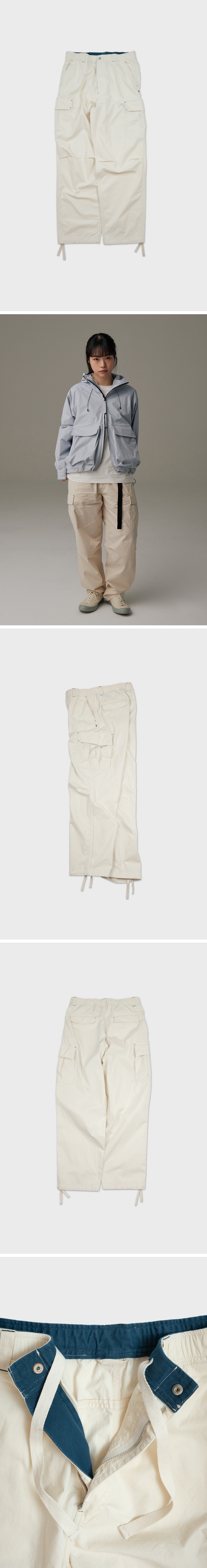 코튼 트윌 카고팬츠는 편안한 착용감이 인상적이며 허리 스트링으로 사이즈 조절이 가능하여 아웃도어 뿐만이 아니라 데일리룩으로도 부담 없이 착용할수 있는 아이템입니다. 사이즈 정보에 기재된 허리 너비는 허리 밴딩을 늘리지 않은 상태의 길이이며, 착용 시 약 4-6cm까지 늘어납니다.
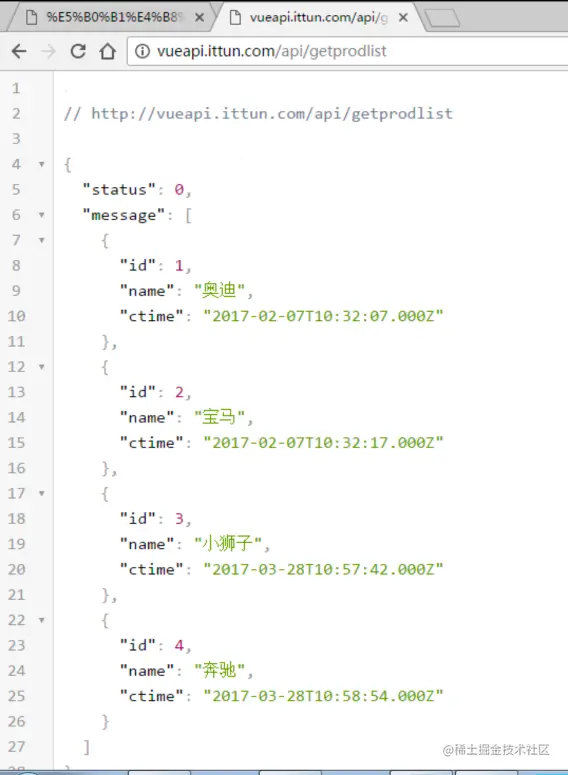 如果我直接在浏览器中输入请求的url,获取的json数据如下:(可以看到,这种方式获取的是相同的数据)
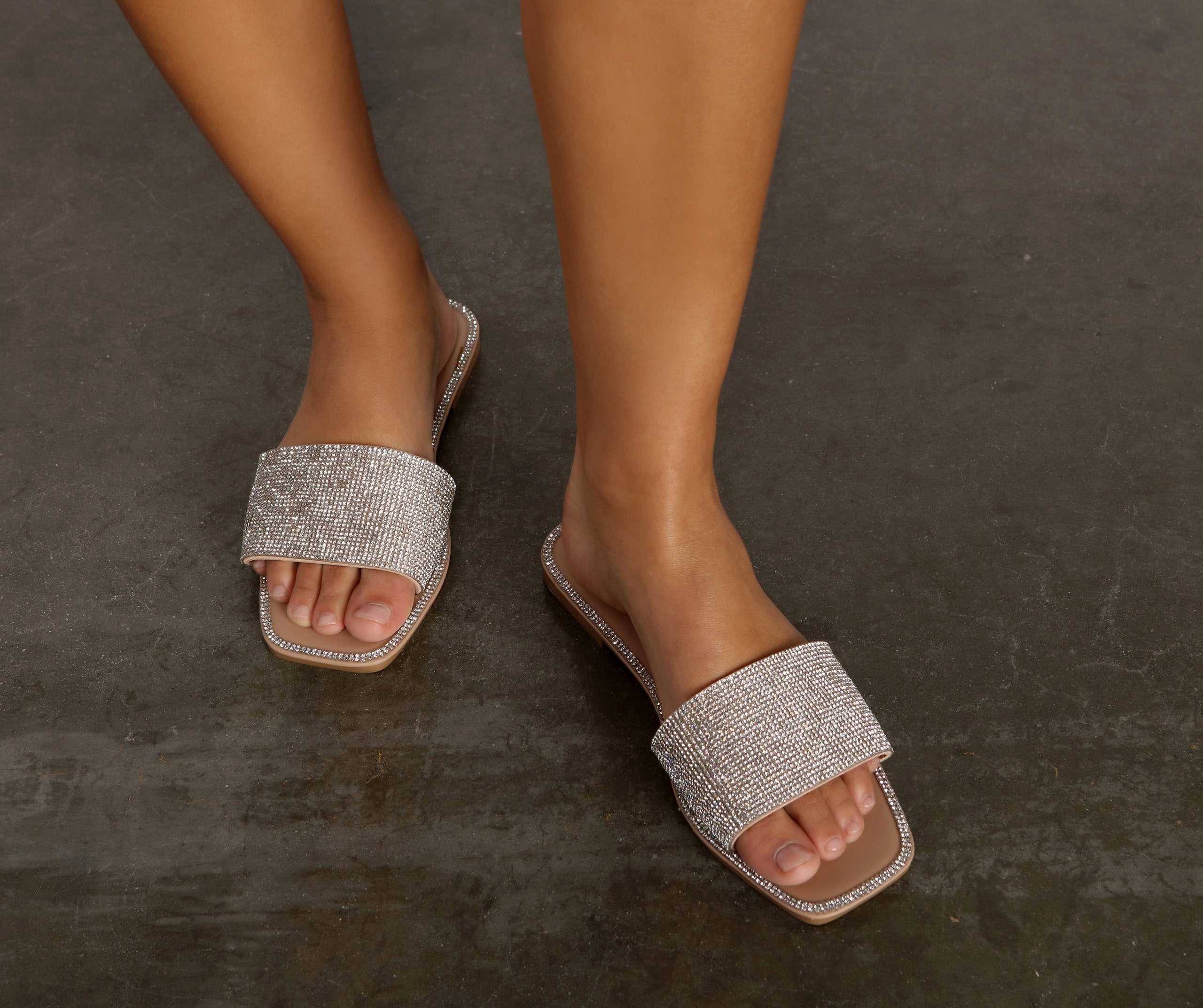 Slip-on these glam sandals that bring the luxe to your look! The sandals feature a trendy slip-on design. a square toe. and a wide toe strap embellished with sparkling rhinestones. Complete look with a stunning swimsuit and sunglasses.
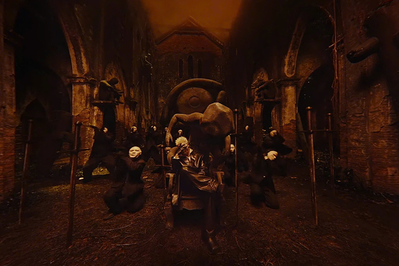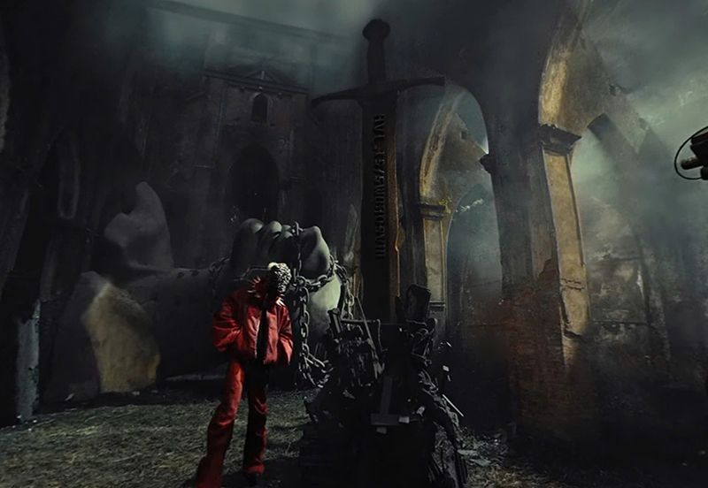 Ngay trong 15 giây đầu tiên, một thông điệp ẩn đã xuất hiện dưới dạng đường dẫn được khắc trực tiếp lên thân thanh kiếm, đặt dọc theo khung hình. Chi tiết này hiện lên giữa bối cảnh kiến trúc cổ kính với những vòm đá cao và ánh sáng mờ đục phủ khắp không gian. Trong không gian ấy, một nhân vật được tạo hình với khuôn mặt bị che phủ bởi lớp mặt nạ gai góc trong bộ trang phục tông đỏ trầm mang lại cảm giác nặng nề và bí ẩn. Đường dẫn gần như hoà vào chất liệu kim loại của thanh kiếm, khiến người xem dễ dàng bỏ lỡ nếu không dừng lại quan sát kỹ từng khung hình.

***

### What the task requires
An exact copy of the listing above, minus its pictures, is what is needed here.

### Your solution
 코튼 트윌 카고팬츠는 편안한 착용감이 인상적이며 허리 스트링으로 사이즈 조절이 가능하여 아웃도어 뿐만이 아니라 데일리룩으로도 부담 없이 착용할수 있는 아이템입니다. 사이즈 정보에 기재된 허리 너비는 허리 밴딩을 늘리지 않은 상태의 길이이며, 착용 시 약 4-6cm까지 늘어납니다.
 如果我直接在浏览器中输入请求的url,获取的json数据如下:(可以看到,这种方式获取的是相同的数据)
 Slip-on these glam sandals that bring the luxe to your look! The sandals feature a trendy slip-on design. a square toe. and a wide toe strap embellished with sparkling rhinestones. Complete look with a stunning swimsuit and sunglasses.
 Ngay trong 15 giây đầu tiên, một thông điệp ẩn đã xuất hiện dưới dạng đường dẫn được khắc trực tiếp lên thân thanh kiếm, đặt dọc theo khung hình. Chi tiết này hiện lên giữa bối cảnh kiến trúc cổ kính với những vòm đá cao và ánh sáng mờ đục phủ khắp không gian. Trong không gian ấy, một nhân vật được tạo hình với khuôn mặt bị che phủ bởi lớp mặt nạ gai góc trong bộ trang phục tông đỏ trầm mang lại cảm giác nặng nề và bí ẩn. Đường dẫn gần như hoà vào chất liệu kim loại của thanh kiếm, khiến người xem dễ dàng bỏ lỡ nếu không dừng lại quan sát kỹ từng khung hình.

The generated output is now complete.